As part of the European Social Innovation Campus (ESIC) pilot activities, Tallinn University launched the online training “Social Innovation and its Measurement”, designed for university lecturers, trainers, curriculum developers, PhD students, and researchers who want to integrate social innovation content, tools, and methods into their teaching and research practice.
The training supports participants in turning social innovation and its measurement into a teachable, researchable, and assessable learning experience. It introduces key concepts of social innovation, social entrepreneurship, and the social economy, while also focusing on systems thinking, ethical reflection, stakeholder engagement, Theory of Change, impact measurement, and strategies for systemic change.
The programme is delivered by TLU prof. Katri-Liis Lepik and dr. Audrone Urmanaviciene. Katri-Liis Lepik leads the global Master’s programme in Social Entrepreneurship and has extensive experience in teaching social innovation through international projects and micro-degree programmes. Audrone Urmanaviciene is a Lecturer in Social Entrepreneurship at Tallinn University, with research expertise in social enterprise, social impact, and social impact assessment.
During the training, participants explore how social innovation can be meaningfully integrated into their own courses, research activities and academic projects. Through expert input, challenge-based work, ready-to-use templates, peer feedback, and guided reflection, they learn how to map social challenges, identify key stakeholders, reflect on ethical issues, develop a basic Theory of Change, and design realistic impact indicators.

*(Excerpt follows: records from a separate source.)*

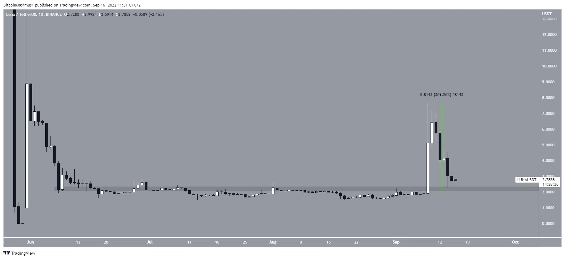 La crypto LUNA a été sujette à un mouvement de hausse massif le 9 septembre, gagnant 310 % dans la même journée pour atteindre un sommet de 7,66 $. Cependant, la cryptomonnaie n’a pas pu maintenir son mouvement et le cours a généré une très longue mèche le même jour.
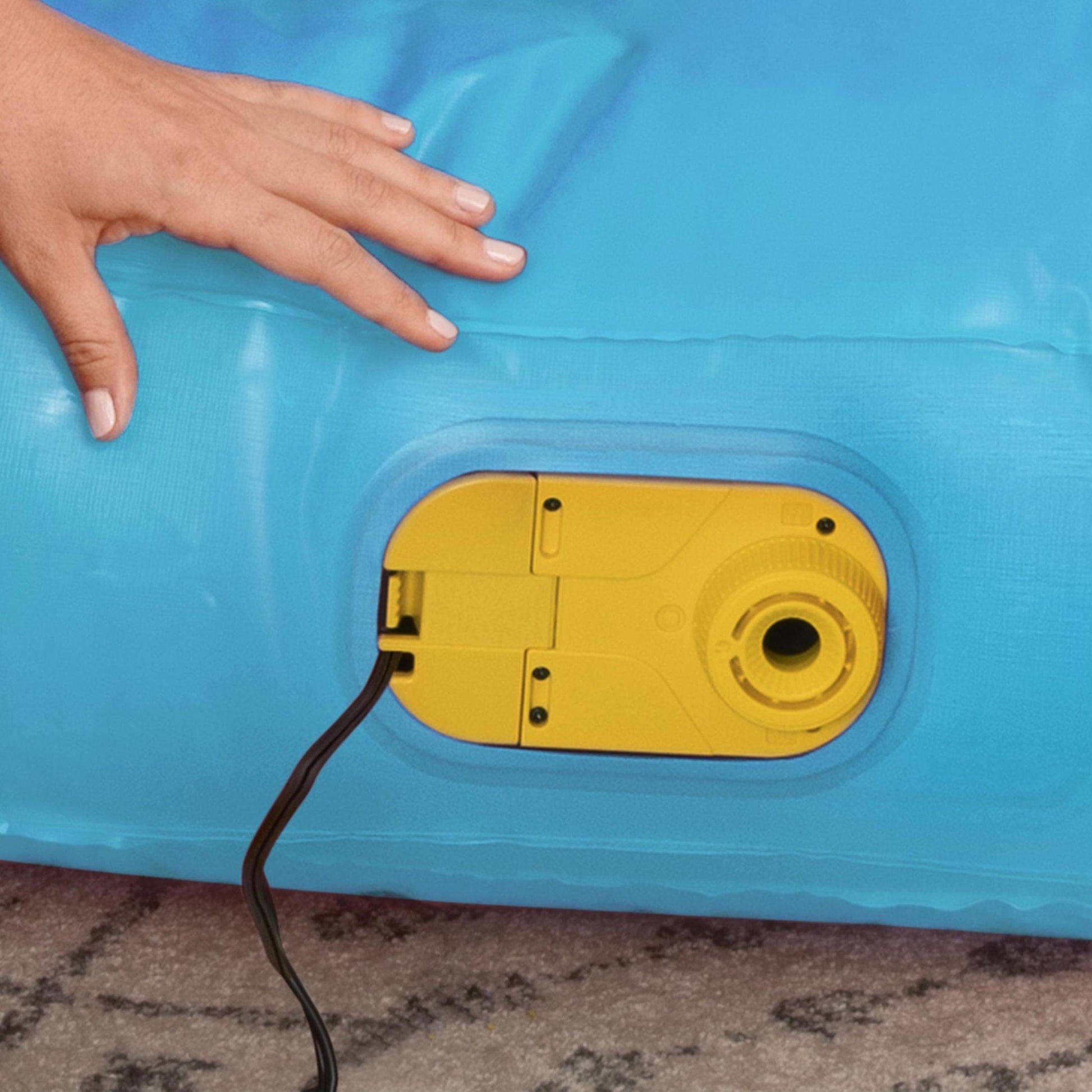 No wrestling with manual pumps. No huffing and puffing. The built-in 110-120V electric pump does all the work. Press the button, and the entire bouncer inflates automatically in about 4 minutes. You literally sit down while it does the heavy lifting.
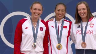 [颁奖仪式] 实至名归!新科奥运网球女单冠军郑钦文高举金牌

A key element of the pilot is the final Social Innovation Teaching or Research Implementation Plan. Participants are asked to design a short concept note or presentation showing how they would apply social innovation in one of their own courses, research projects, academic activities, or institutional settings. The plan includes a real social challenge, ethical considerations, a Theory of Change, an impact measurement approach, and a strategy for broader or systemic change.
The training takes place online via Howspace platform, with the main training session held on 11th of May 2026 and a follow-up debrief session on 25th of May 2026. During the debrief, participants present their implementation plans and receive feedback from peers and trainers.
By piloting selected ESIC learning activities and methodological approaches, the training contributes to the broader European effort to strengthen social innovation education and research capacity in higher education and professional learning contexts. Insights gathered from the pilot will support the further refinement of ESIC training materials and their future use across institutions, disciplines, and countries.